In years past, these type of recommendation systems were based on the subjective experience of marketing professionals and inventory managers or buyers. More recently, machine learning has been used to learn these patterns of purchasing behavior. Barcode scanners, computerized inventory systems, and online shopping have led to a wealth of transactional data ripe for such data mining.

This chapter covers machine learning methods for identifying associations among items in transactional data—a practice commonly known as market basket analysis due to its widespread use among retail stores. By the time you finish, you will have learned:

  • Methods for finding useful associations in large databases using simple statistical performance measures
  • How to manage the peculiarities of working with transactional data
  • The start-to-finish steps needed for using association rules to perform a market basket analysis on real-world data

To learn how machine learning locates interesting patterns, keep reading. From there, you'll have the foundations to try a market basket analysis of your own.

Understanding association rules

The result of a market basket analysis is a set of association rules that specify patterns of relationships among items. A typical rule might be expressed in the form:

Understanding association rules

In plain language, this association rule states that if peanut butter and jelly are purchased, then bread is also likely to be purchased. In other words, "peanut butter and jelly imply bread." Groups of one or more items are surrounded by brackets to indicate that they form a set, or more specifically, an itemset that appears in the data with some regularity. Association rules are learned from subsets of itemsets. For example, the preceding rule was identified from the set of {peanut butter, jelly, bread}.

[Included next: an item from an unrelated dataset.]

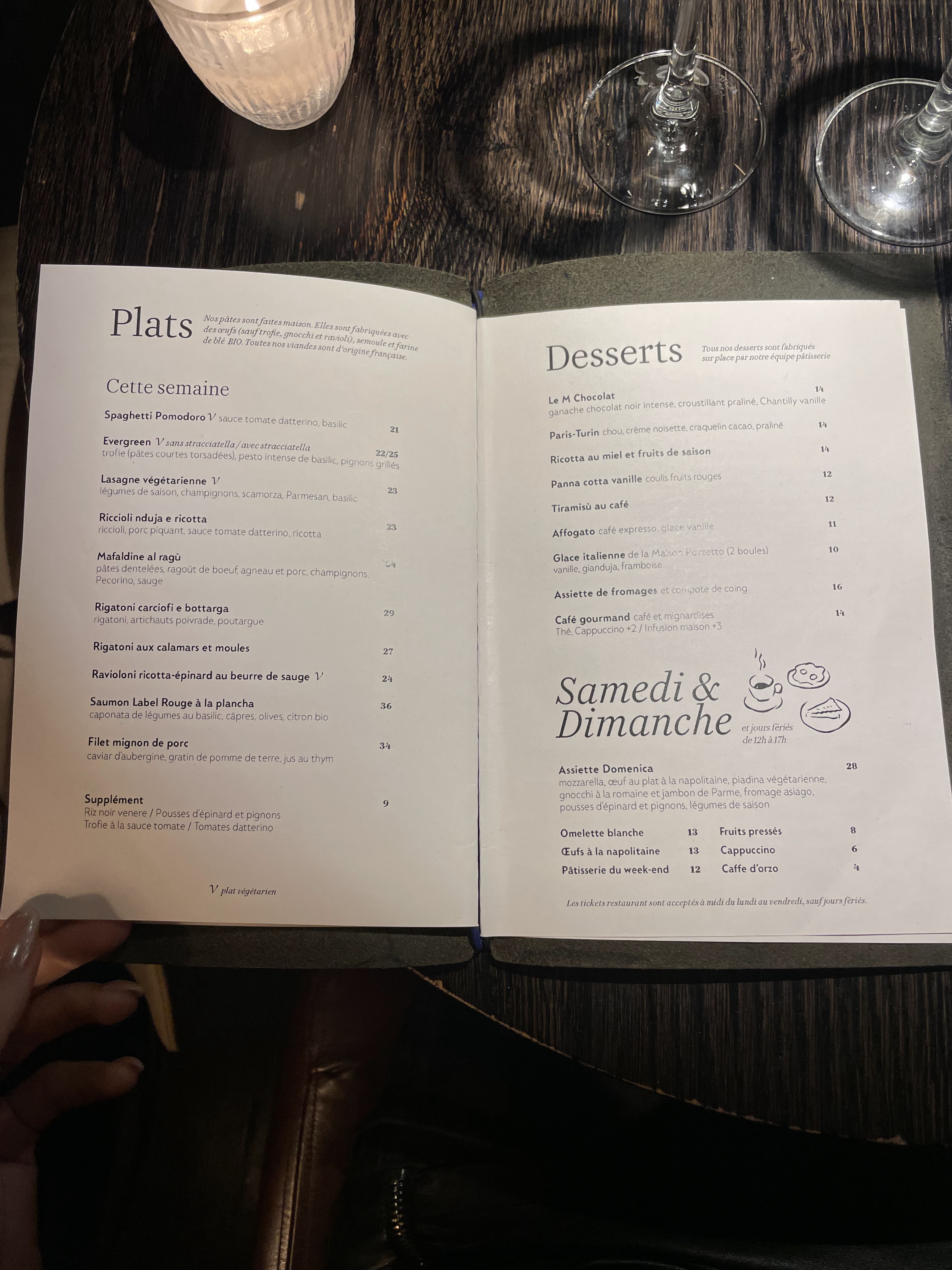 Ambiance juste incroyable en plein cœur de st Germain des Prés ! Nous avons découvert ce lieu en nous baladant, en voyant une magnifique terrasse en contre bas, très charmante& intimiste et l’intérieur est tout aussi incroyable ! Nous avons pu un vendredi soir appeler et réserver pour l’heure qui suivez la dame de l’accueil est efficace et arrangeante La carte change souvent, c’est italien raffiné et frais . J’ai trouvé que les pâtes 🍝 étaient correct et copieuses, les glaces en dessert 🧁 sont excellentes ! Les vins aussi. Service de qualité et déco tamisé, belles vaisselles . Pour se garer vous avez le parking st Suplice et pas le parking st germain qui est privé !

Developed in the context of Big Data and database science, association rules are not used for prediction, but rather for unsupervised knowledge discovery in large databases, unlike the classification and numeric prediction algorithms presented in previous chapters. Even so, you will find that association rule learners are closely related to and share many features of the classification rule learners presented in Chapter 5, Divide and Conquer – Classification Using Decision Trees and Rules.

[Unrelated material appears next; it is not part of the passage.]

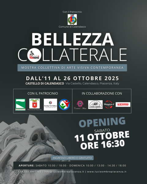 Con “Bellezza Collaterale”, l’Associazione Luci & Ombre conferma la propria missione: valorizzare artisti e opere contemporanee in un contesto di grande fascino storico, trasformando Calendasco e la provincia di Piacenza in un polo di turismo culturale e di riflessione condivisa.

Because association rule learners are unsupervised, there is no need for the algorithm to be trained; data does not need to be labeled ahead of time. The program is simply unleashed on a dataset in the hope that interesting associations are found. The downside, of course, is that there isn't an easy way to objectively measure the performance of a rule learner, aside from evaluating them for qualitative usefulness—typically an eyeball test of some sort.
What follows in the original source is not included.